Exemplary Teacher Initials: _______________________________________________

School: __Mount Bethel Elementary School____ Grade: ___2_______________

Lesson Topic: ____Stars – The sun appears to be the brightest but is not___________

Write a brief summary of your experiences observing this lesson, addressing the
following questions:

 In your opinion, what went well? What could be tweaked/improved? (Cite specific
examples. You can note specific things such as differentiation if it occurred, use
of technology, inquiry-based, etc).

The students entered the classroom and the teacher had images from Google Sky on
the smart board to engage them. She did not tell them what they were looking at
and asked them to speculate. The students guessed correctly that they were looking
at stars. They then took a few moments to explore different galaxies.

The teacher asked to students to think of questions they had about stars (different
from other observation when inquiry was teacher directed) and observations they
had made. The students wrote their questions on post it notes. The teacher then
talked about the attributes used to describe stars, and they shared and labeled each
post it by attribute type while posting on OWL chart.

Teacher then did informal pre-assessment by asking the students what they thought
was the largest star and waited for the students to respond “the sun.” She took a
tangerine and grapefruit and asked students to hold up one or two fingers to answer
which they predicted was representation of the sun. I liked this way of response. The
teacher was able to get a response from all students quickly and in a “safe” way.
The students holding the two balls were told to walk down the hall with the balls,
and the class followed to observe. The small ball carrier was asked to stop and the
large one continued until it appeared the large ball was smaller than the close one.
The teacher asked again, which represents the sun using the finger response.
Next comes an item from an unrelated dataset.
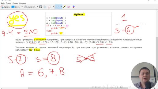 Задание 6 из ОГЭ по информатике с параметром А: анализируем программу. Не самая простая задача из первой части: ошибиться легко, но не надо
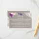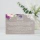 Ce pourpre fleurit et la carte d'insertion de détails de mariage de dentelle est parfaite pour un mariage campagnard. Les caractéristiques de conception chics rustiques une belle disposition de pourpre de prune, lilas et rougissent les fleurs roses avec la dentelle florale blanche sur un arrière - plan de toile élégant.

She
explained why the closer/smaller ball looks larger due to scale, and that our sun is
medium sized star, but looks larger because we are closer to it.

The students were then divided into small groups and given balls to duplicate the
activity and recorded themselves.
I think the lesson went very well and gave students experiential learning of scale to
help them reason through the explanation of why the sun looks so large, but could
be smaller than other stars.

 How well were the lesson’s student performance objectives attained?

The students used ipads to record phots/videos explaining the claim that the sun is
not the largest star. Again, the lesson provided effective evidence that students had
indeed met expectations using technology resources.